No obstante, no creo que la enseñanza de las lenguas autóctonas sea otro de los problemas endémicos de nuestra enseñanza, que se remontan a mucho más atrás en el tiempo.
La enseñanza no es más que un fiel reflejo de la sociedad y el aumento del fracaso escolar y del descenso en el nivel de conocimientos en general tiene más que ver con el tipo de cultura que se impone desde un sistema que, como bien dice, ha desatendido irresponsablemente la cultura del esfuerzo y el mérito.
Cuando los jóvenes ven el tipo de sociedad y de sistema en el que van a tener que desenvolverse, no me extraña nada que les entre el pánico y decidan largarse por piernas.
No debe ser especialmente motivador constatar que lo que impera es el éxito social de pelotazo y la ganancia fácil y sin esfuerzo, el triunfo de la especulación sobre la constancia y el trabajo, las terribles condiciones laborales que tendrán que soportar una vez superada la cuarta parte de sus vidas de preparación y sacrificio. O descubrir que se puede ganar más dinero y prestigio social aireando a quién te llevas a la cama cada noche y con quién te calientas la entrepierna en los ratos libres que ejerciendo de becario con el peso de tus esforzados títulos a cuestas en unas condiciones infrahumanas.
En tales condiciones de entorno, lo que sería un milagro inexplicable es que nuestros jóvenes encima destacaran por su elevado nivel formativo y su implicación sin fisuras en la sociedad en la que les ha tocado vivir.

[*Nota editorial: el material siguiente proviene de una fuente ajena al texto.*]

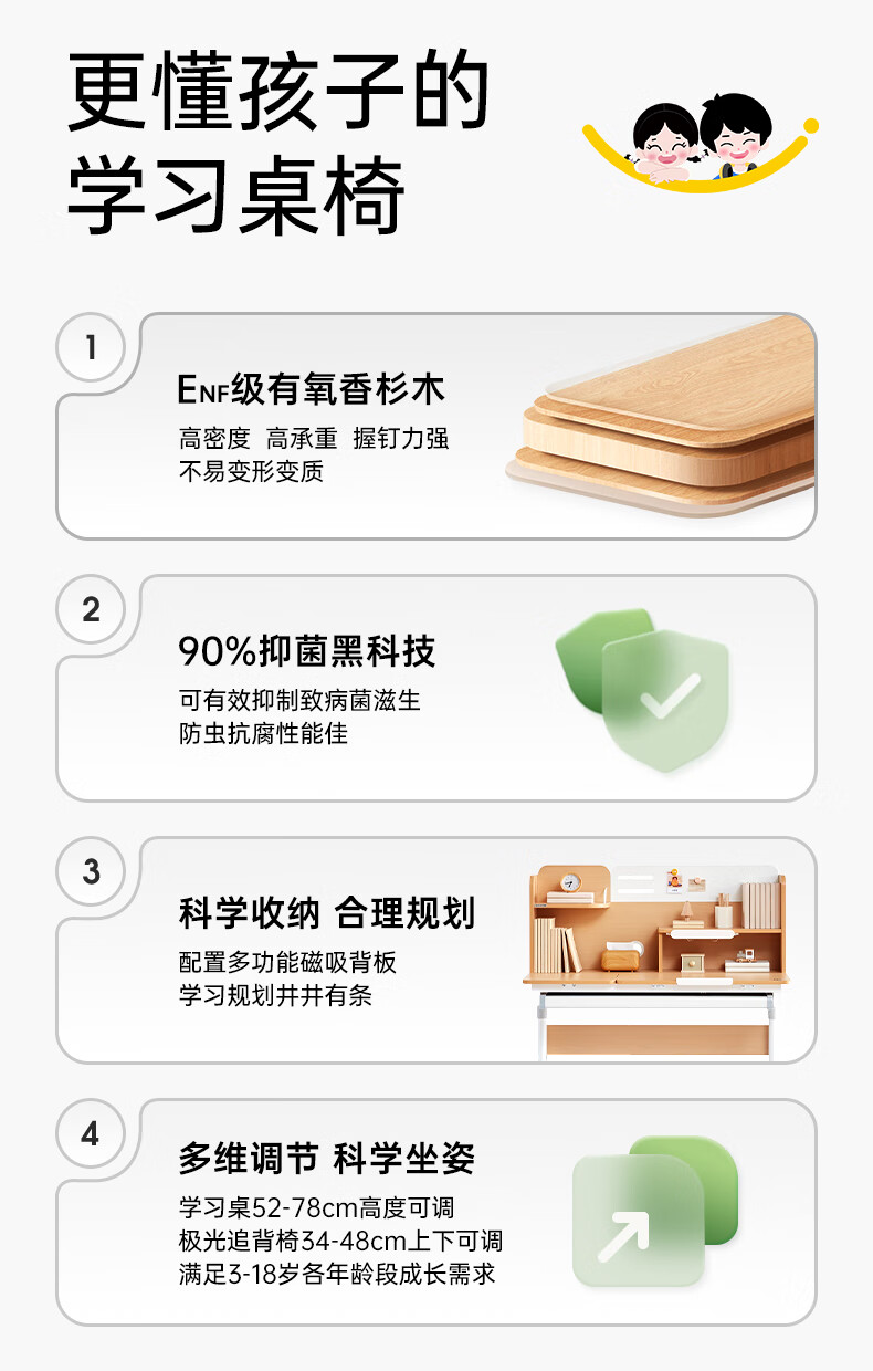 护童儿童学习桌椅实木芯可升降中小学生写字桌书桌套装DD 启明星实木芯+正姿器DD

Y en ese caso, tal y como están las cosas, no deja de ser menos cierto que puede resultar bastante más útil aprender a colocarse el preservativo que dominar el Teorema de Pitágoras.
4 comentarios:
Muy interesantes las reflexiones de Camacho y las tuyas.

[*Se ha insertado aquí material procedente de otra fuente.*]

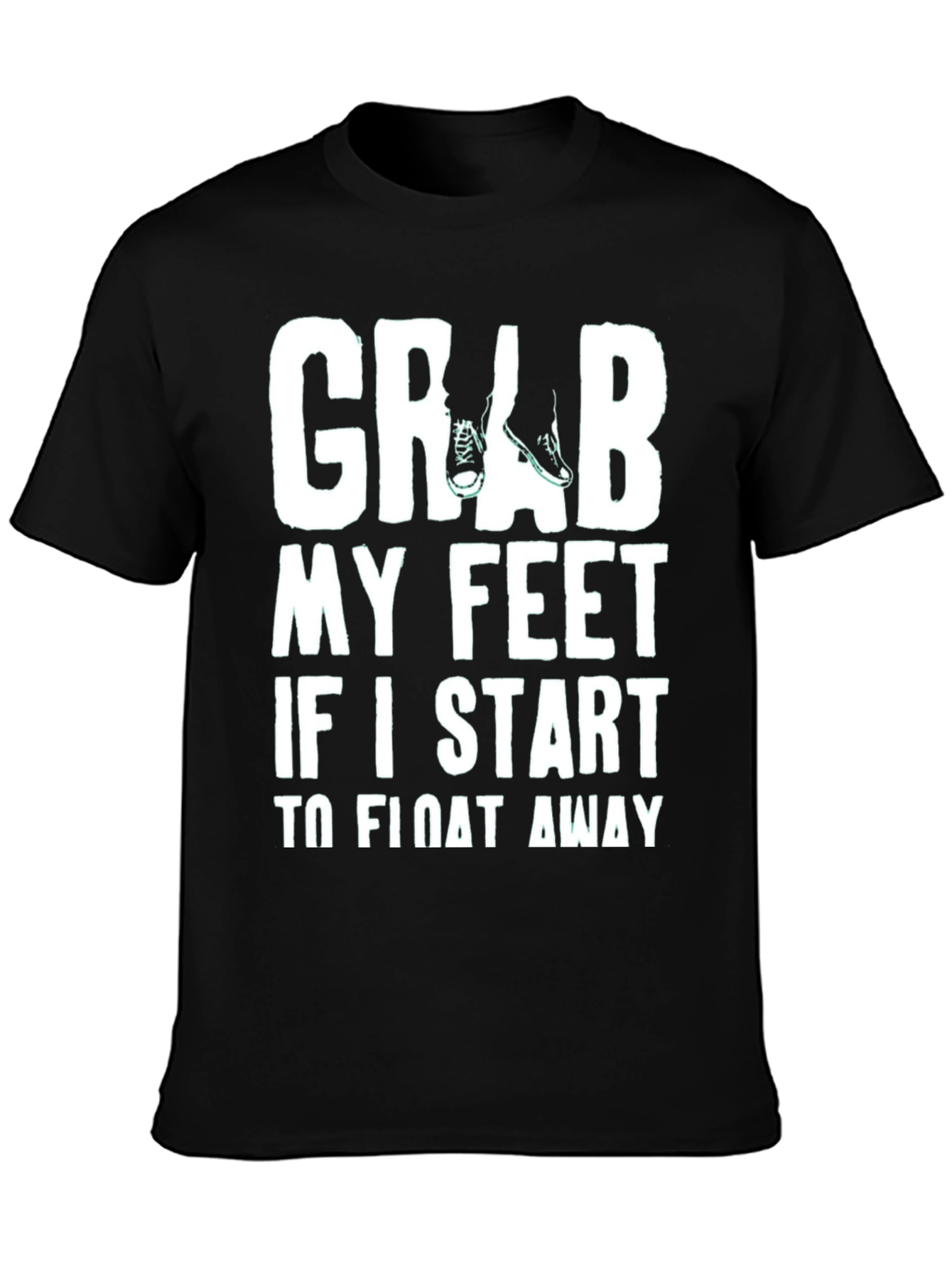 This stylish black t-shirt features a humorous white graphic print. The print reads, "GRAB MY FEET IF I START TO FLOAT AWAY," playfully displayed with an image of two feet with laced shoes in the middle of the word “GRAB”. Made from comfortable material, this tee is perfect for casual wear. Its unique design is sure to spark conversations and bring laughter. Ideal for everyday wear, outings with friends, or as a fun gift for someone with a great sense of humor. Add a touch of whimsy to your wardrobe with this statement piece!

"Un sistema que ha desatendido irresponsablemente la cultura del esfuerzo y el mérito".
Si le das la vuelta a lo que expresas -que es muy cierto- eso mismo es lo que piensa el que ha acabado sus estudios con esfuerzo y méritos, y si encuentra un trabajo basura se puede dar con un canto en los dientes.
Buen trabajo, Jack Daniel.
Genial análisis. Llevan varios días rondándome ideas similares por la cabeza y Vd. ha conseguido darles forma al menos a un buen número de ellas.
Un saludo.
de visita; por supuesto que la vuelta tiene el más vigente sentido, porque a resultas de la generalidad, quienes sí se esfuerza y hacen mérito se encuentran como premio con lo que dices; un trabajo basura. Esto me consolida aún más en que lo primordial es cambiar este sistema para que la educación tenga al menos una oportunidad.
Un saludo.
S. Dedalus; gracias, me alegro que te haya gustado.